I am the MBA program director at the Sprott School of Business. However, throughout the seventies and early eighties I was the loan manager, mortgage manager, and commercial credit officer directly across the street from the West Block in the Bank of Montreal building. It was the fourth largest branch of the Bank of Montreal. At the time, we had $200 million in mortgages. I lent millions of dollars in conventional and high-ratio mortgages across this city.
The PowerPoint presentation that I'm going to give is based on an article I have almost completed and have partially presented at a couple of academic conferences.
Before I go into the proposals I'm going to recommend today, I really want to give you their context.
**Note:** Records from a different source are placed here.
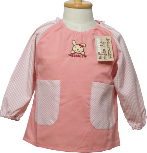 幼児用子供用スモック(サッカーボール・ワンちゃん) 100cm110cm120cm 男児・女児・幼稚園・保育園・保育所 (110, うさぎ無地ピンク)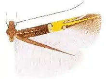 Female. Forewing length 4.9 mm. Head: frons shining white with greenish and reddish reflections, vertex neck tufts and collar shining olive brown with greenish and reddish reflections; labial palpus first segment very short, white, second segment three-quarters of the length of third, greyish brown with white longitudinal lines laterally and ventrally, third segment white, lined brown laterally, extreme apex white; scape dark brown with a white anterior line, white ventrally, antenna shining dark brown with a white line from base to two-thirds, interrupted in middle, followed towards apex by eleven dark brown segments, nine dark brown with a white line and eighteen dark brown segments at apex. Thorax and tegulae shining olive brown with greenish and reddish gloss. Legs: shining dark brown with reddish gloss, femur of midleg shining ochreous, femur of hindleg shining golden, foreleg with a white line on tibia and tarsal segments one, two and five, tibia of midleg with a white narrow oblique basal line, a white oblique medial line and a white apical ring, tarsal segment one with a lateral white line on the outside, ending dorsally at apex, segment two with a white oblique streak in the distal half and segment five entirely white, tibia of hindleg as midleg, but the markings silvery and with an additional broad pale golden subapical ring and long hair pencils before and after the medial line, tarsal segment four dorsally white at apex and segment five dorsally entirely white, spurs ochreous-white dorsally, dark grey ventrally, tips white. Forewing shining olive brown in basal one-quarter, darker brown towards apex and with reddish gloss, four very narrow white lines in the basal area, a subcostal from base to one-quarter, bending from costa in distal third, a medial above fold, from base to two-fifths, a very short subdorsal from one-fifth, a short dorsal from beyond base to one-fifth, an orange-yellow transverse fascia beyond the middle with a long apical protrusion from the middle and as an apical line to apex, bordered at the inner edge by a tubercular very pale golden metallic fascia with greenish and reddish reflections, subcostally on outside with patch of blackish scales, bordered at the outer edge by two very pale golden tubercular costal and dorsal spots with purplish reflection, the costal spot as a streak of one-quarter wing length, the dorsal spot more or less square and more towards base than the costal, both spots lined brown on the inside, a white costal streak beyond the costal spot, cilia brown, slightly paler towards dorsum. Hindwing shining brown with strong reddish gloss, cilia brown. Underside: forewing shining dark brown, the pale yellow apex line distinctly visible in the cilia as a white streak, hindwing shining dark brown. Abdomen not examined, previously used for dissection.[1]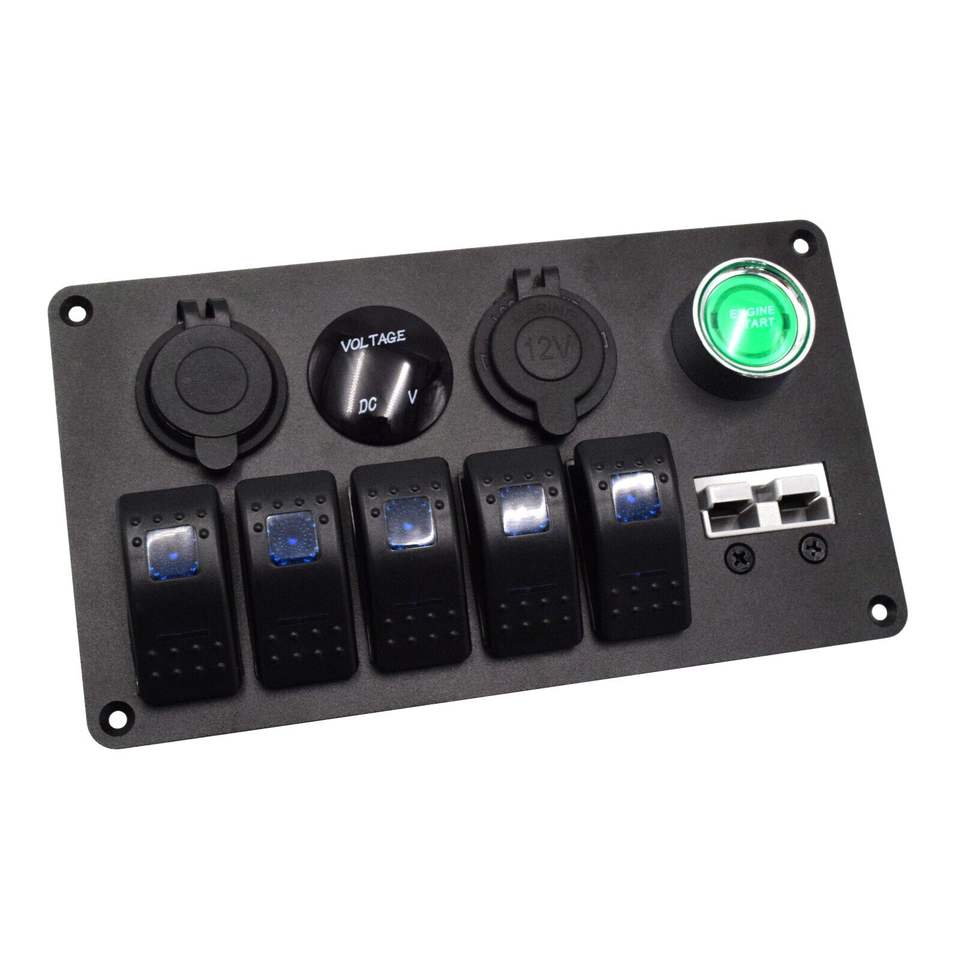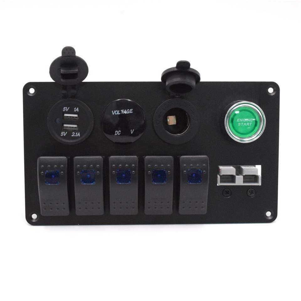 Panneau de commutation 5 gangs avec klaxon de réinitialisation interrupteur à bascule marche-arrêt démarrage du moteur Andersn chargeur USB Volt 12V panneau de commutation pour remorque de voiture
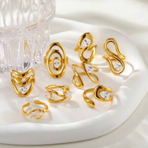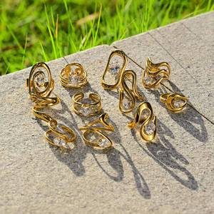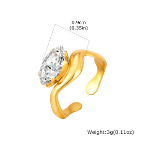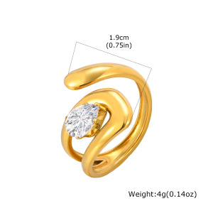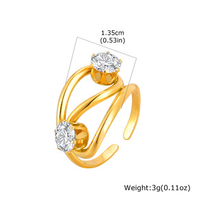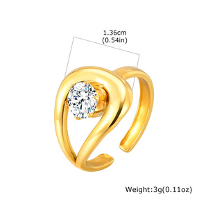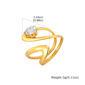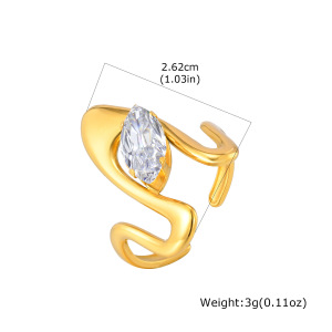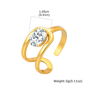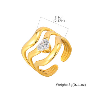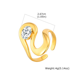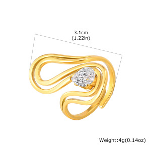 ヨーロッパとアメリカのファッションレディースステンレス鋼ジルコン幾何学ラインオープンリングゴールド調節可能

I am arguing in this article that the housing bubble, housing collapse, and financial crisis were due to a government and policy failure in the U.S. Congress. The Congress micro-managed the banks, but did not provide oversight and supervision. They refused to regulate the shadow banking system, and as a consequence, I'm arguing—and I don't know anyone else who has made this argument—commercial banks, populated by highly intelligent people, understood they were being forced by Fannie Mae and Freddie Mac to make a lot of bad mortgages. So they used securitization to dump those junk mortgages on other people to get the mortgages off their books. This lead to the housing bubble and collapse and the financial crisis. There is massive empirical documentation for this.
Most of my slides are graphs, so I can go quite quickly.
This slide shows the percentage of low-documentation or no-documentation mortgages. You can see that by 2005, 2006, and 2007, over half of all mortgages in the United States of America were low-doc or no-doc ones, popularly called NINJA mortgages: no income, no job, no assets.